WHAT YOU WILL DO = In the data below, set down exactly the lines from the one containing "- Replace the" up to and including the one containing "Le CCAS organise". Leave the pictures out.

INPUT MATERIAL =
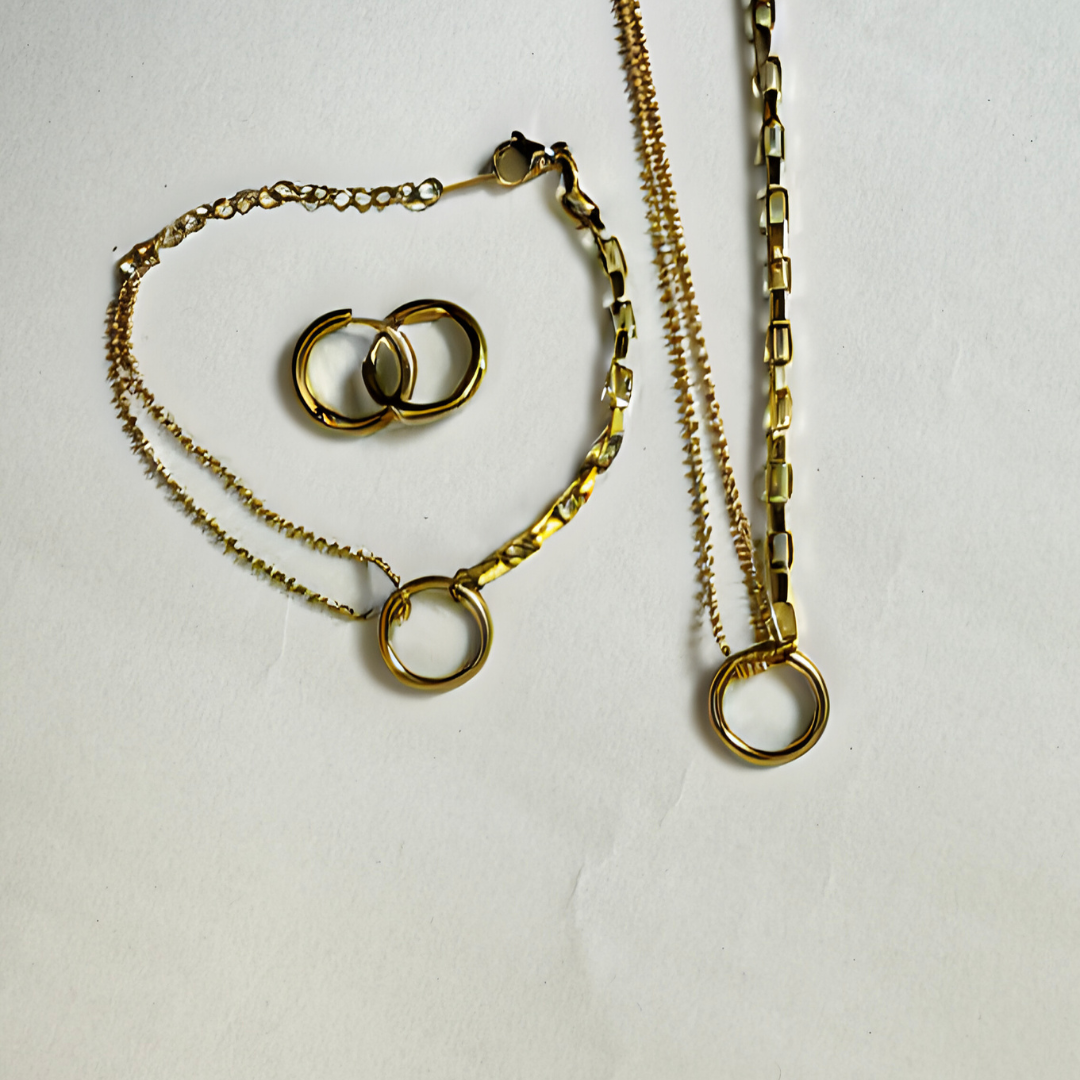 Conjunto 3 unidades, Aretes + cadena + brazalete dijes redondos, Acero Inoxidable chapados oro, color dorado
* * *
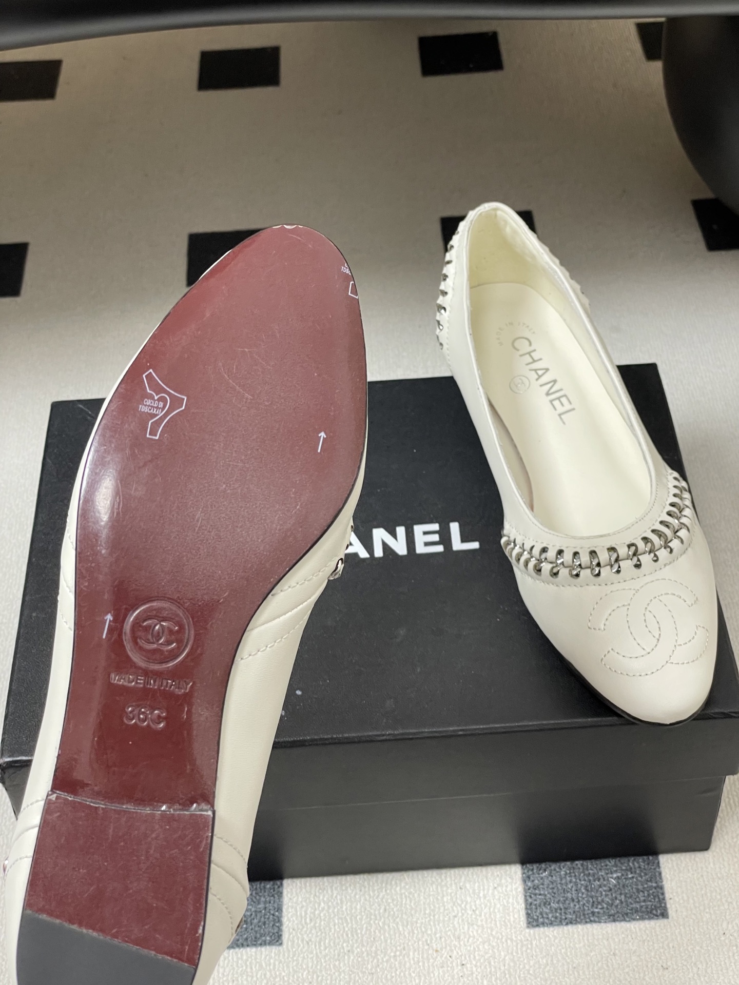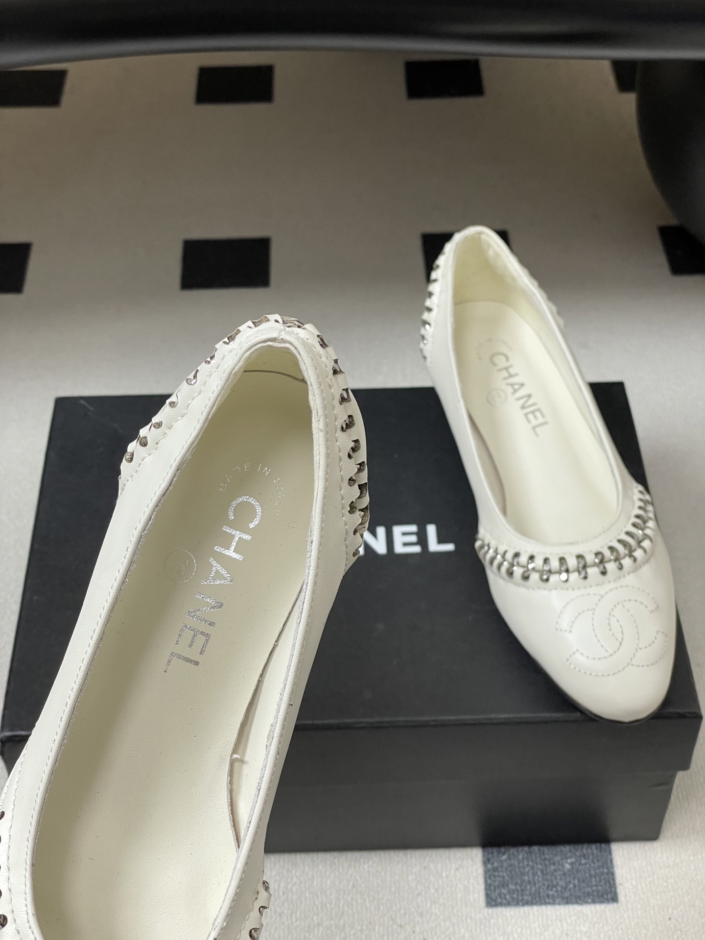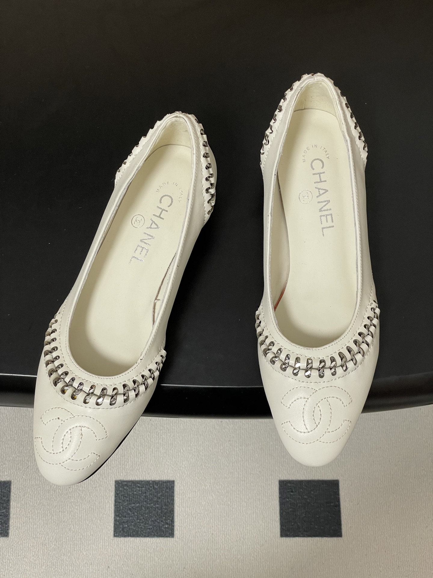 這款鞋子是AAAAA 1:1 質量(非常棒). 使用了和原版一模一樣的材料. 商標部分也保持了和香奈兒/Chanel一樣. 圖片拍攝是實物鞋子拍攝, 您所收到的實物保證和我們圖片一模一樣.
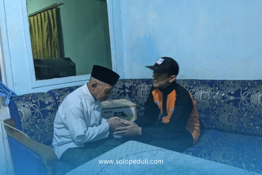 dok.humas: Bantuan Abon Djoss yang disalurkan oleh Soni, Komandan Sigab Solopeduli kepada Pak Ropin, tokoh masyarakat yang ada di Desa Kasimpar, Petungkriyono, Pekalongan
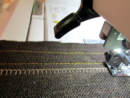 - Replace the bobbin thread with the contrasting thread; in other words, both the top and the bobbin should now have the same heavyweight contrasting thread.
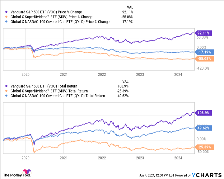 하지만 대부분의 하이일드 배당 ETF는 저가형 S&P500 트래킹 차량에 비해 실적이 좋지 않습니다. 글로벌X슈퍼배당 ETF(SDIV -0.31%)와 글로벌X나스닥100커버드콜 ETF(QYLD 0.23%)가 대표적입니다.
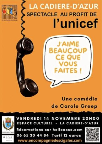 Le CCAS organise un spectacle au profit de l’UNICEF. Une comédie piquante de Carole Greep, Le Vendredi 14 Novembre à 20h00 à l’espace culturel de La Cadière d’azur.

COMPLETED TASK =
 - Replace the bobbin thread with the contrasting thread; in other words, both the top and the bobbin should now have the same heavyweight contrasting thread.
 하지만 대부분의 하이일드 배당 ETF는 저가형 S&P500 트래킹 차량에 비해 실적이 좋지 않습니다. 글로벌X슈퍼배당 ETF(SDIV -0.31%)와 글로벌X나스닥100커버드콜 ETF(QYLD 0.23%)가 대표적입니다.
 Le CCAS organise un spectacle au profit de l’UNICEF. Une comédie piquante de Carole Greep, Le Vendredi 14 Novembre à 20h00 à l’espace culturel de La Cadière d’azur.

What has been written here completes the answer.